WORK REQUIRED:
Give the whole listing below once more, exactly, without pictures.

DATA EXCERPTS:
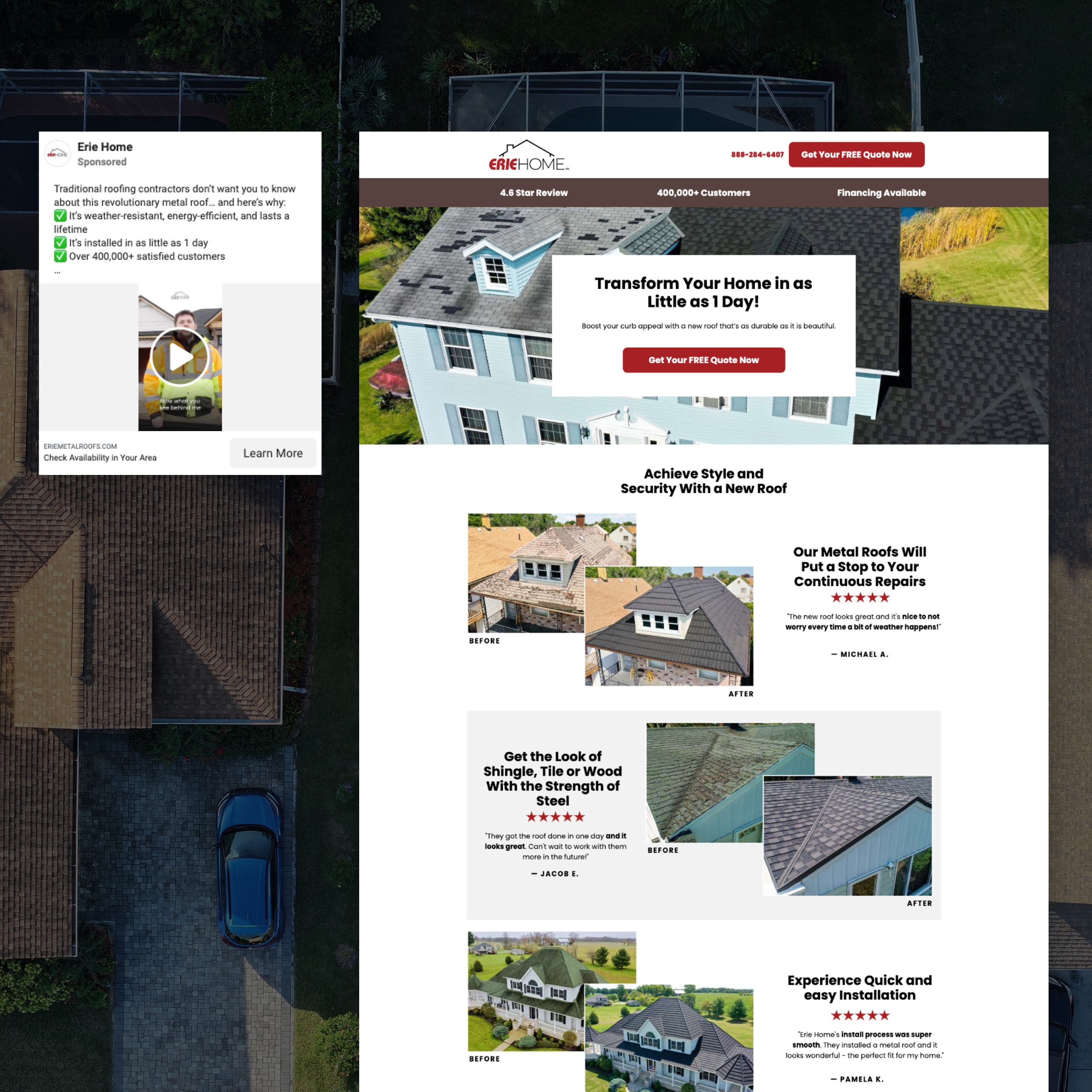 Erie Home is a nationwide roofing company generating high volumes of leads through paid media. But with disconnected pages and inconsistent tracking, there was a major opportunity to tighten the funnel and increase conversion efficiency.
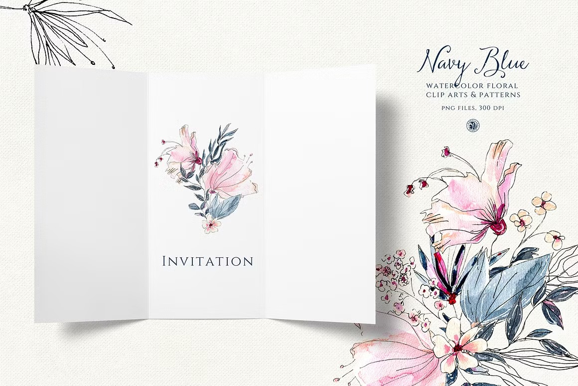 Đánh giá #193 Navy Blue/ Hoa màu xanh navy – Thiệp mời Navy – Hoa Blue
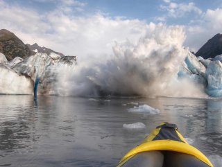 Suda kürek çekerken aniden çıtırtı sesleri duyan iki kanocu, yönlerini değiştirerek sesin geldiği yöne doğru kürek çekti. Ardından hemen önlerindeki dev buzul köprüsü büyük bir gürültüyle yıkıldı ve suya düşen buz parçaları, dev bir tsunami etkisi yarattı. Kanocular ise olayı yara almadan atlattı.
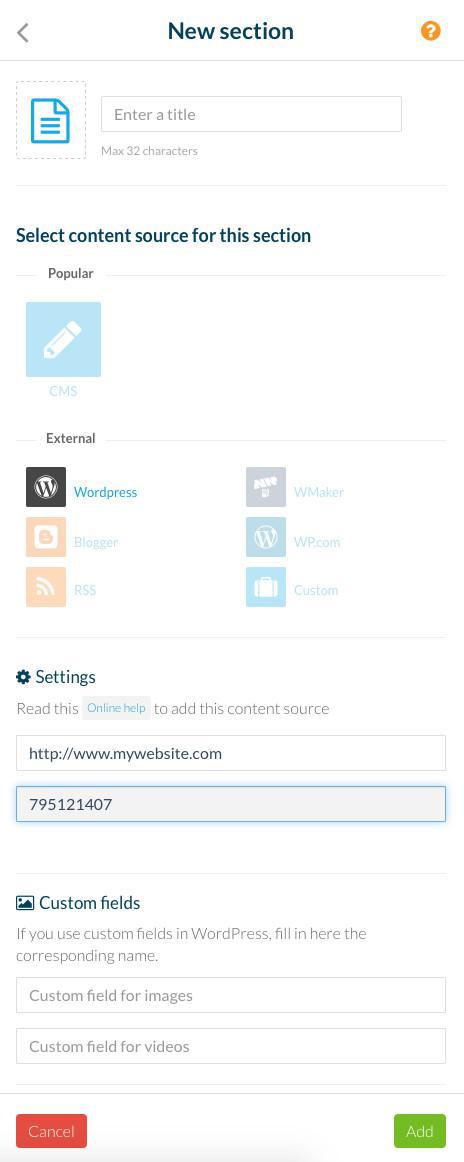 3. Adicionar uma seção WordPress no seu back office GoodBarber
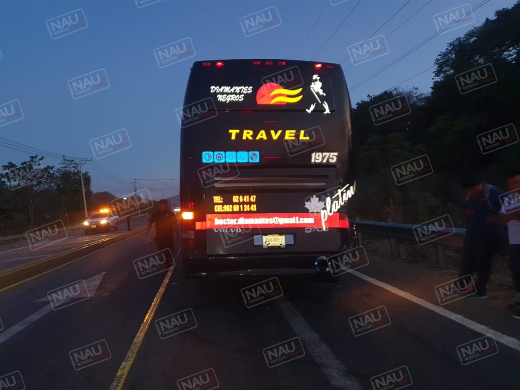 En el lugar se localizo un vehículo marca Volvo tipo autobús, de color negro, con placas de servicio público federal de turismo con número económico 1975, de la empresa Diamantes Negros, conducido por Dani de 43 años de edad, con domicilio en Tapachula.
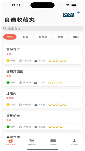 食谱收藏夹是一款集智能食谱管理、烹饪流程记录与厨房物料规划于一体的精美烹饪辅助应用,致力于成为美食爱好者的私人数字厨房中枢。本应用采用原生架构开发与云端同步引擎,深度融合结构化数据模板、智能标签系统与多维度统计看板,构建了一个从灵感收集、烹饪实践到经验沉淀的完整美食创作闭环。其核心是灵活强大的个人食谱数据库,支持用户以图文并茂的形式记录和管理心仪的菜谱,并辅以烹饪笔记、心得感悟与物品清单等功能模块。通过可视化数据统计与智能分类检索,应用将零散的美食知识系统化,让烹饪过程不仅充满乐趣,更富有条理与洞见,目前已帮助用户平均提升厨房事务管理效率达55%。
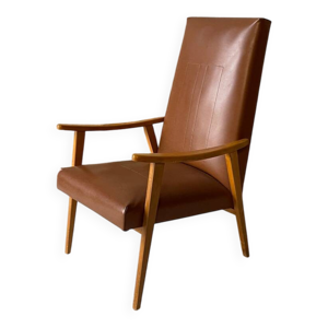 Fauteuil vintage brun / oker / un siège sur roulettes
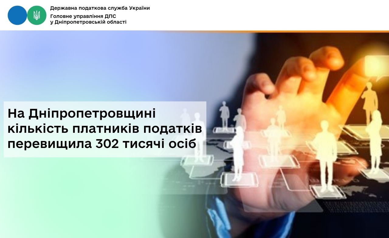 Станом на 01.04.2026 на податковому обліку в Головному управлінні ДПС у Дніпропетровській області перебувало 302 202 юридичні і самозайняті особи (ФОПів, адвокатів та нотаріусів). Порівняно з 2025 роком кількість платників податків зросла на 10 027 осіб (станом на 01.04.2025 – 292 175 осіб).
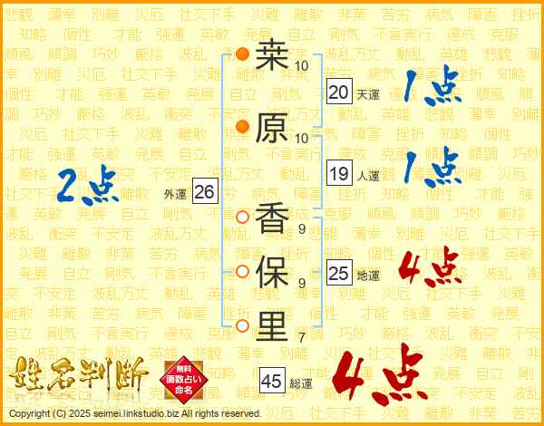 生活面を象徴する運勢です。外部から受ける影響力を表し、結婚運、家庭運や職場、環境への順応性を表します。総運から人運を引いた画数。姓や名が1文字の場合を除く。
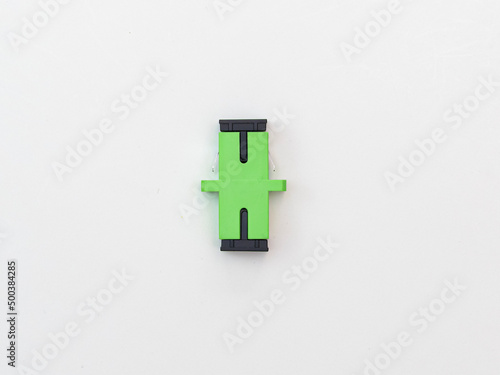 © bahadirbermekphoto, Obraz premium SC-UPC adapter for single mode fiber optic patch cord with flange on isolated white background
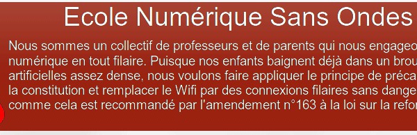 L'EHS est une urgence humanitaire https://www.robindestoits.org/Petition-l-EHS-Urgence-Humanitaire_a3433.html Soutenez les pétitions contre les antennes-relais. Pétition pour des lieux de Vie sans ondes. de la téléphonie mobile et du Wi-fi Comment désactiver le wifi ?Comment désactiver le Wifi (Wi-Fi) chez soi :
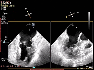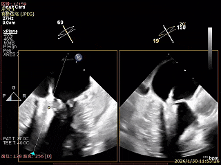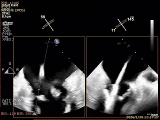 建立右侧股静脉入路,在食道超声引导下进行房间隔穿刺,获得穿刺高度4.1cm,交换Super Stiff超硬导丝至左上肺静脉,使用血管鞘扩张股静脉后,沿超硬导丝送入可操控导引导管(SGC)至左房,将第一枚二尖瓣夹输送系统(CDS-XTR)送入左心房。送入夹子过程中为避免碰到左房组织完成Straddle“骑跨”,顺利完成Straddle并将夹子打弯至二尖瓣环水平。接下来为避免发生缠绕在1区进行轨迹测试,使夹子的运动轨迹指向心尖。在心房侧打开夹臂,调整夹臂方向指向12点-6点方位,与二尖瓣对合缘垂直。完成调整后将夹子移动至3区位置,将二尖瓣夹关紧后缓慢送入左心室。在左室打开夹子重新确认Orientation。准确成功捕捞3区前叶脱垂及反流区域,确认瓣叶瓣尖稳定插入夹臂后,Gripper Down,观察到明显Bouncing后,关紧夹臂予以夹合,夹子内侧反流消失,夹子外侧还有残余脱垂及中量反流。考虑瓣叶长度11mm以上,瓣口面积足够,决定在外侧Side by Side再植入一枚XTR,植入两枚XTR后活动稳固,反流降至Trace。术后肺静脉逆流消失,二尖瓣平均跨瓣压差2mmHg。

ANSWER SECTION:
 Erie Home is a nationwide roofing company generating high volumes of leads through paid media. But with disconnected pages and inconsistent tracking, there was a major opportunity to tighten the funnel and increase conversion efficiency.
 Đánh giá #193 Navy Blue/ Hoa màu xanh navy – Thiệp mời Navy – Hoa Blue
 Suda kürek çekerken aniden çıtırtı sesleri duyan iki kanocu, yönlerini değiştirerek sesin geldiği yöne doğru kürek çekti. Ardından hemen önlerindeki dev buzul köprüsü büyük bir gürültüyle yıkıldı ve suya düşen buz parçaları, dev bir tsunami etkisi yarattı. Kanocular ise olayı yara almadan atlattı.
 3. Adicionar uma seção WordPress no seu back office GoodBarber
 En el lugar se localizo un vehículo marca Volvo tipo autobús, de color negro, con placas de servicio público federal de turismo con número económico 1975, de la empresa Diamantes Negros, conducido por Dani de 43 años de edad, con domicilio en Tapachula.
 食谱收藏夹是一款集智能食谱管理、烹饪流程记录与厨房物料规划于一体的精美烹饪辅助应用,致力于成为美食爱好者的私人数字厨房中枢。本应用采用原生架构开发与云端同步引擎,深度融合结构化数据模板、智能标签系统与多维度统计看板,构建了一个从灵感收集、烹饪实践到经验沉淀的完整美食创作闭环。其核心是灵活强大的个人食谱数据库,支持用户以图文并茂的形式记录和管理心仪的菜谱,并辅以烹饪笔记、心得感悟与物品清单等功能模块。通过可视化数据统计与智能分类检索,应用将零散的美食知识系统化,让烹饪过程不仅充满乐趣,更富有条理与洞见,目前已帮助用户平均提升厨房事务管理效率达55%。
 Fauteuil vintage brun / oker / un siège sur roulettes
 Станом на 01.04.2026 на податковому обліку в Головному управлінні ДПС у Дніпропетровській області перебувало 302 202 юридичні і самозайняті особи (ФОПів, адвокатів та нотаріусів). Порівняно з 2025 роком кількість платників податків зросла на 10 027 осіб (станом на 01.04.2025 – 292 175 осіб).
 生活面を象徴する運勢です。外部から受ける影響力を表し、結婚運、家庭運や職場、環境への順応性を表します。総運から人運を引いた画数。姓や名が1文字の場合を除く。
 © bahadirbermekphoto, Obraz premium SC-UPC adapter for single mode fiber optic patch cord with flange on isolated white background
 L'EHS est une urgence humanitaire https://www.robindestoits.org/Petition-l-EHS-Urgence-Humanitaire_a3433.html Soutenez les pétitions contre les antennes-relais. Pétition pour des lieux de Vie sans ondes. de la téléphonie mobile et du Wi-fi Comment désactiver le wifi ?Comment désactiver le Wifi (Wi-Fi) chez soi :
 建立右侧股静脉入路,在食道超声引导下进行房间隔穿刺,获得穿刺高度4.1cm,交换Super Stiff超硬导丝至左上肺静脉,使用血管鞘扩张股静脉后,沿超硬导丝送入可操控导引导管(SGC)至左房,将第一枚二尖瓣夹输送系统(CDS-XTR)送入左心房。送入夹子过程中为避免碰到左房组织完成Straddle“骑跨”,顺利完成Straddle并将夹子打弯至二尖瓣环水平。接下来为避免发生缠绕在1区进行轨迹测试,使夹子的运动轨迹指向心尖。在心房侧打开夹臂,调整夹臂方向指向12点-6点方位,与二尖瓣对合缘垂直。完成调整后将夹子移动至3区位置,将二尖瓣夹关紧后缓慢送入左心室。在左室打开夹子重新确认Orientation。准确成功捕捞3区前叶脱垂及反流区域,确认瓣叶瓣尖稳定插入夹臂后,Gripper Down,观察到明显Bouncing后,关紧夹臂予以夹合,夹子内侧反流消失,夹子外侧还有残余脱垂及中量反流。考虑瓣叶长度11mm以上,瓣口面积足够,决定在外侧Side by Side再植入一枚XTR,植入两枚XTR后活动稳固,反流降至Trace。术后肺静脉逆流消失,二尖瓣平均跨瓣压差2mmHg。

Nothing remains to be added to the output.